In embodiments where bottom bar 22 includes end tabs 46, 48, it is advantageous to limit engagement between bottom bar 22 and bottom bar guides 26, 28 to only end tabs 46, 48. In a preferred embodiment, the thickness of end tabs 46, 48 may be substantially similar to the thickness of door panel 16. Limiting engagement in such embodiments to only end tabs 46, 48 may allow for channel 38 which receives bottom bar 22, and therefore bottom bar guides 26, 28, to be smaller with respect to opening 20—allowing channel 38 to be substantially identical in width to path 30. Limiting engagement to only end tabs 46, 48 also insures a tight seal between bottom bar 22 and bottom bar guides 26, 28 inasmuch as it eliminates the possibility that a variation in thickness between the core 54 of bottom bar 22 and end tabs 46, 48 affect the wind load resistance of door assembly 10 when door panel 16 is in a substantially closed position.

It is further contemplated by the invention that the end tabs may be made of a thickness greater than door panel 16 but less than bottom bar 22. Utilizing end tabs of such a thickness insures that the end tabs do not engage side columns 12, 14 during, for example, the opening or closing or any re-alignment sequences, as the tabs may be sized so as not to fit within any opening accepting door panel 16. Sizing any end tabs to have a thickness smaller than bottom bar 22 and adjusting bottom bar guides 26, 28 and path 30 insures that bottom bar 22 does not engage bottom bars 26, 28, insuring a proper wind lock when door panel 16 is in a substantially closed position.

As described above, width W of bottom bar 22 and end tabs 46, 48 should be less than distance Y between side columns 12, 14, and preferably about 1 inch less with core 54 of bottom bar 22 being about 6 inches less. Since the combined width W of bottom bar 22 and end tabs 46, 48 is less than distance Y between side columns 12, 14, and as should be appreciated by those having ordinary skill in the art, end tabs 46, 48 may be made more rigid than known end tabs of known end tabs bottom bars, thereby substantially increasing the wind load resistance of door assembly 10 when end tabs 46, 48 are engaged with bottom bar guides 26, 28.

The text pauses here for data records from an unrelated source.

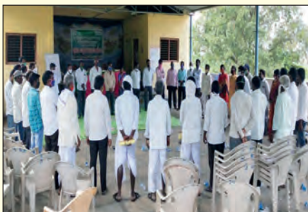
ధరణి ఎఫ్ పి టి వార్షిక సర్వసభ్య సమావేశం
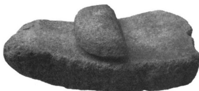
红山文化遗址出土的石磨
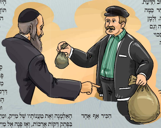
הפיר אף אחד

מייק לא האמין למשמע אונני. הוא דרש מולמן החולה שיכתב לו את זה על נר, כדי שאף אחד לא יוכל לערער על כך.
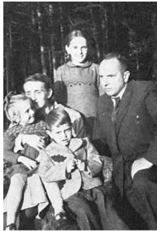
Зустріч Бандери в 1957 році з дружиною та дітьми.
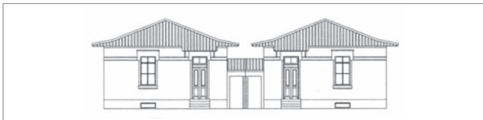
Figura 2 – Habitação tipo 1 Alçado Principal
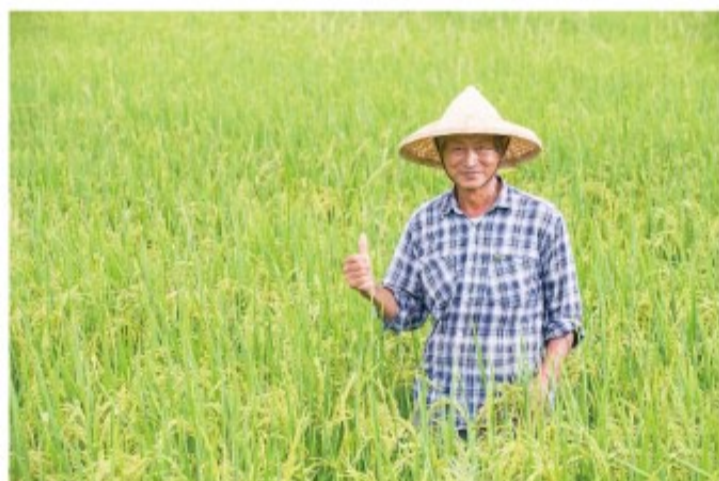
一群疼惜南澳的好水、好人、好土地的老農民，重新戴上斗笠，回到田間，與南澳張牧師一起打拼，創造出有機品牌「牧師的米」。
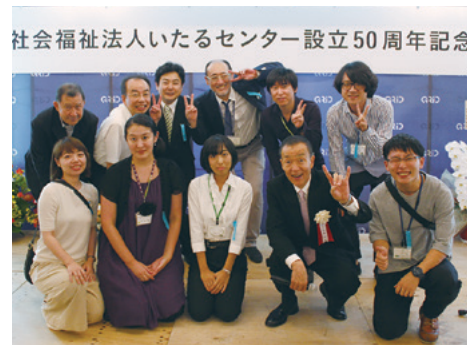
実行委員のみなさん
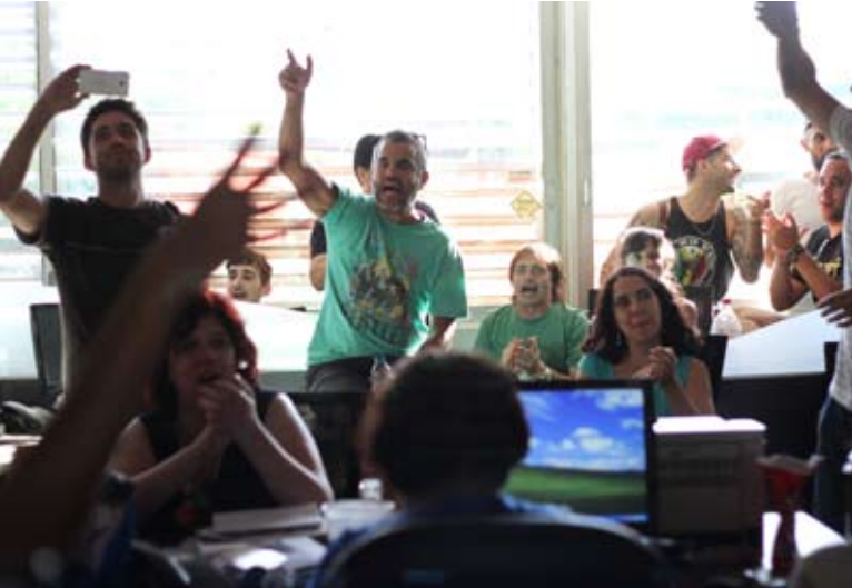
La salida del diario no va en desmedro del reclamo para que paguen los responsables.

materia de pauta. Por el contrario, la salida de un nuevo número de Tiempo Argentino apunta a reforzar esa pelea para que sean los vaciadores quienes se vean obligados a capitalizar el diario en la medida en que los trabajadores siguen dando muestras de su amor por la profesión y su abnegada convicción de que tiene derecho a cobrar por el trabajo realizado. El lunes 14 sobre las 16:00, la redacción del diario, en Amenábar 23, volverá a latir como en los viejos tiempos,

The alignment and engagement of bottom bar 22 having end tabs 46, 48 with bottom bar guides 26, 28 can be seen in FIGS. 4 and 8. As seen in FIG. 4, as bottom bar 22 approaches bottom bar guide 26, end tab 46 substantially aligns with channel 38 (as discussed above, in order to accommodate for variation in the location of end tab 46, the top portion 44 may be angled outward from bottom bar to facilitate alignment). As door panel 16 is lowered to at least a substantially closed position, as seen in FIG. 8, end tab 46 engages bottom bar guide 26, being guided and locked within channel 38, forming a substantially stronger wind lock for door assembly 10.

In order to further facilitate alignment, in a preferred embodiment, the weight of bottom bar 22 should be centered in an area substantially co-planer with door panel 16. Centering the weight of bottom bar 22 in an area of the bottom bar that is substantially co-planar with door panel 16 helps bottom bar 22, and if included end tabs 46, 48, maintain a substantially vertical alignment, enhancing the engagement between bottom bar 22 and bottom bar guides 26, 28. While top portions 44 of each of the bottom bar guides 26, 28 will still capture bottom bar 22 and/or end tabs 46, 48 if the weight distribution of bottom bar 22 is such that it reaches bottom bar guides 26, 28 at an angle, centering the weight of bottom bar 22 under door panel 16 insures that bottom bar 22 and/or end tabs 46, 48 will engage bottom bar guides 26, 28.

The above-described embodiments of the present invention are intended to be examples only. Alterations, modifications and variations may be effected to the particular embodiments by those of ordinary skill in the art without departing from the scope of the invention, which is defined by the claims appended hereto.